Бесстрашный в бою, на ратном поле, он сейчас не решался подходить к постели собственной жены и, точно неопытный жених, смутно предвкушающий радость первой брачной ночи, с нетерпением и тайной боязнью ждал, ждал, когда, наконец, закатится солнце и наступят желанные сумерки.
Тени от деревьев постепенно удлинялись и уже начали сливаться. Ранние сумерки поплыли по саду. Повелитель вернулся во дворец. От долгого ожидания, должно быть, в сердце опять закрались тревоги и сомнения. В непомерно огромном зале, так ослепительно ярко освещенном светильниками, он вдруг вновь затосковал, остро ощутив свое полное одиночество в этом безбрежном мире. Будь он на поле брани в окружении грозно ощетинившихся копий, не почувствовал бы страха даже при виде летящей на него вражеской конницы. Будь он молодым и пылким джигитом, бросился бы, не раздумывая, в опочивальню ханши. А теперь он вышел из того возраста, когда слепо идут на поводу бесшабашного порыва. К тому же не к старой спутнице своей он стремился, чтобы поговорить по душам; развеять тоску и печаль, а к почти незнакомой — хотя и жена — юной особе. Ведь Младшая Ханша, точно одна из многих безымянных наложниц, с которыми он лишь поспешно удовлетворял мужскую потребность, не говорила ни единого слова. Кажется, уже тридцать лет прошло с тех пор, как Повелитель ни с кем не делится сердечной тайной. И о чем он может сейчас говорить с Младшей Ханшей? Что они скажут друг другу — по существу чужие — мужчина и женщина? Верно: совсем еще молоденькая ханша — его жена. Верно: она не посмеет перечить ни одному его слову, ни одной его прихоти, как и весь этот город, как каждый дом и каждый человек в его столице. Вся страна падает перед ним ниц. Половина мира в его власти. Но ни с одной живой душой, обитающей в этой половине мира, он не может поговорить искренне и откровенно. И Младшая Ханша — всего-навсего одна из этих многих безголосых его подданных. Оба они, точно пленники, уже несколько дней томятся в этом одиноком дворце. Однако она, жена, не может решиться и прийти к нему, мужу! Разве не сущий ад — этот мир?! И телом, и душой принадлежат ему все живые существа половины вселенной, как говорится, они и на его ладони, и в его кулаке, однако все, все, как один, чужие, чужие… Все ждут от него только высочайшего повеления. Он и раньше хорошо знал, что все в покоренном им мире, — кроме, конечно, его самого, — живут с невидимой петлей на шее, именуемой властью, и покорно барахтаются в тенетах его могущества. Самого-то себя он считал свободным от этих тенет. Но сегодня с горечью убедился: невидимая петля, захлестнувшая горло других, спутала незаметно и его руки-ноги. Раньше люди страшились его взгляда и его слова, теперь и он стал бояться людского глаза и людской молвы…

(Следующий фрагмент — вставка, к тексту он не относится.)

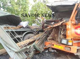 L’accident est survenu entre un gros porteur (Titan) et un camion des Forces armées togolaises (FAT) transportant des planches, des sacs de charbons, des bidons d’huile rouge et des oranges.
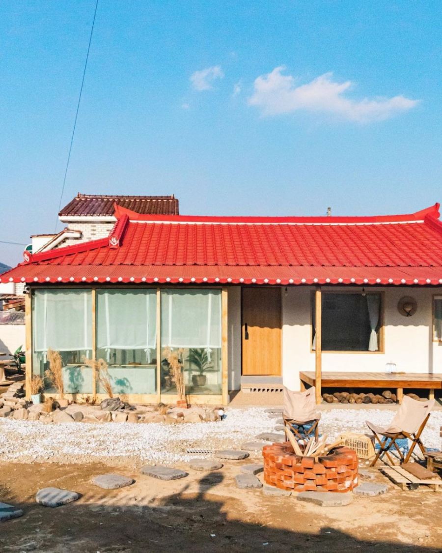 마지막으로 소개할 곳은 충북 옥천에 있는 강청스테이다. 붉은색의 기와지붕이 인상적인 한옥 숙소 강청스테이.
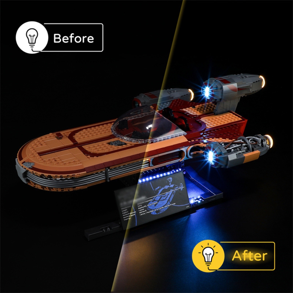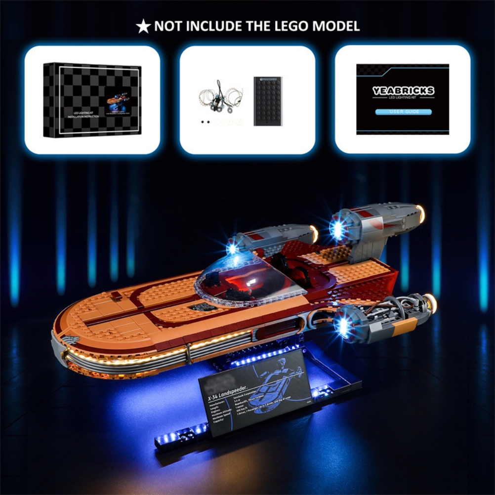 Building Blocks Kit with Light Compatible for LEGO 75341 Luke Skywalker's Landspeeder Collectible Building Kit
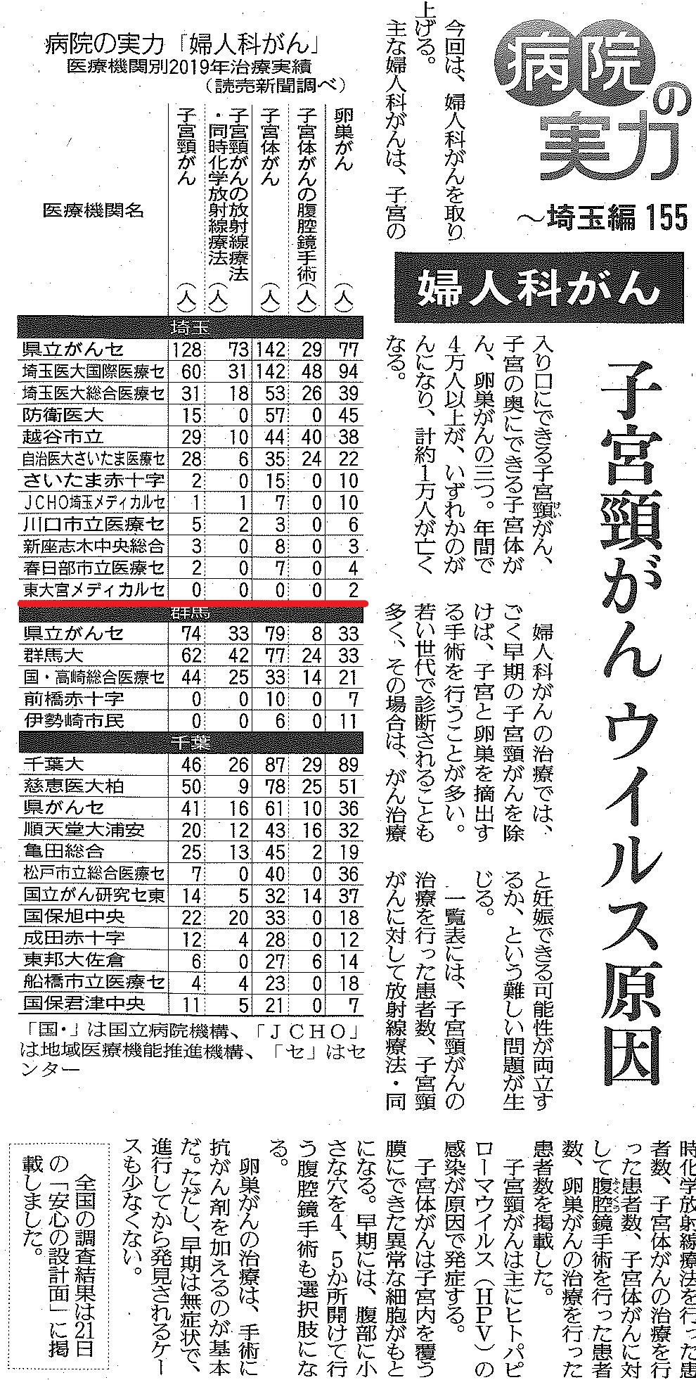 当院が読売新聞「病院の実力」の【婦人科がん】の記事に掲載されました。
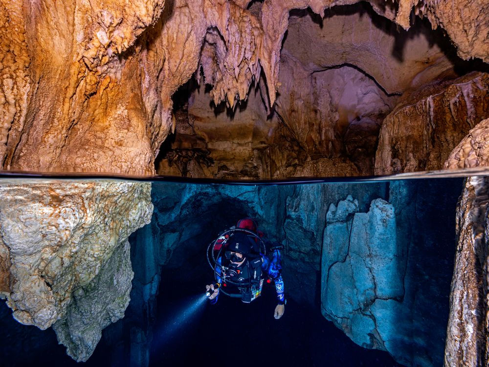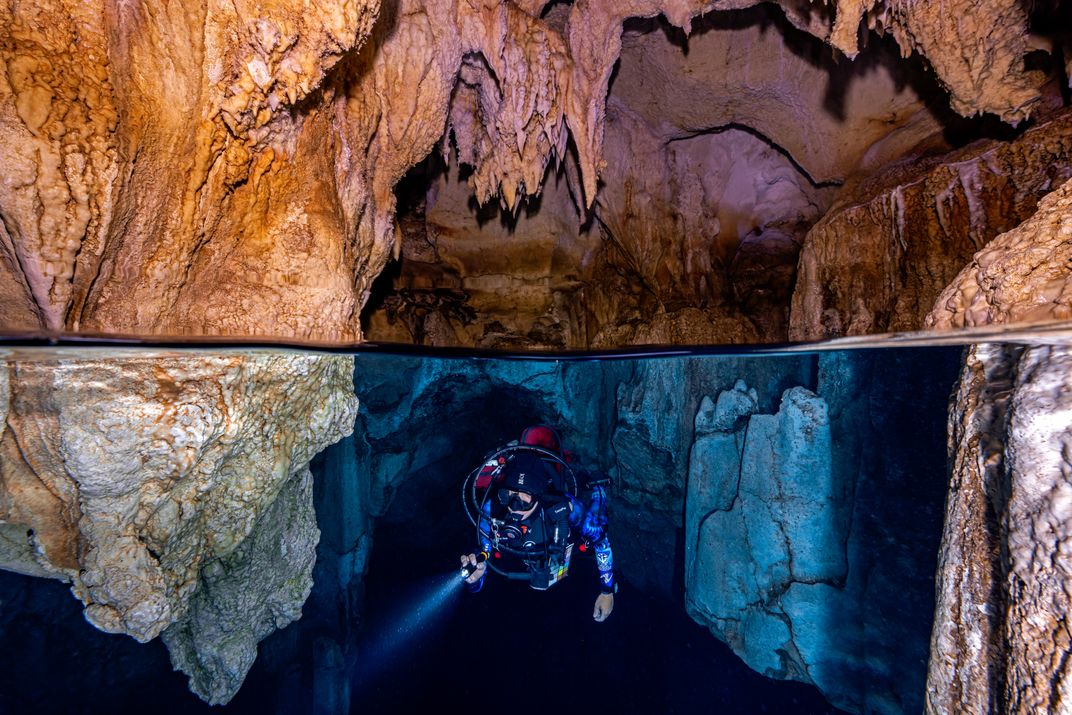 A glimpse into the enchanting realm where the sea and subterranean wonders collide. Here, a diver gracefully navigates the ethereal beauty of the Chandelier Cave in Palau, where the above world meets the mysterious below in a dance of light and shadow.

Вот он, крадучись, точно кот, выбрался из своей опочивальни. Таинственные путы, удерживавшие его до полуночи, и теперь еще не развязались, а как бы продолжали болтаться на ногах.
И узорчатые мраморные плиты на потолке, и сурово молчавшие глухие стены по сторонам, и стылые тени, укрывшиеся за колоннами, и тугой ворс ковров, податливо стелившийся под ногами, и даже светильник в его руке — все-все, казалось, пристально выслеживало каждый шаг Повелителя: тысячи жадно шныряющих из-за углов глаз и неистощимых на сплети, но пока лишь невольно и выжидающе прикушенных губ с великим нетерпением — так мерещилось ему — ждали, когда он переступит порог опочивальни Младшей Ханши, чтобы тут же с тайным злорадством и холопским усердием растрезвонить об этом по всему свету.
Тьма тем людских голов принадлежат ему, но только не их мысли. Тьма тем языков в его власти, но только не их речи. Один он не в состоянии уследить за каждым из этой тьмы, но все они вместе не спускают с него одного глаз. Каждое движение, каждый шаг толпы ему неведомы, но его каждое движение, каждый шаг на виду у всех.
Вот и сейчас в этом одиноком дворце, не смыкая глаз до полуночи, неустанно следят за ним.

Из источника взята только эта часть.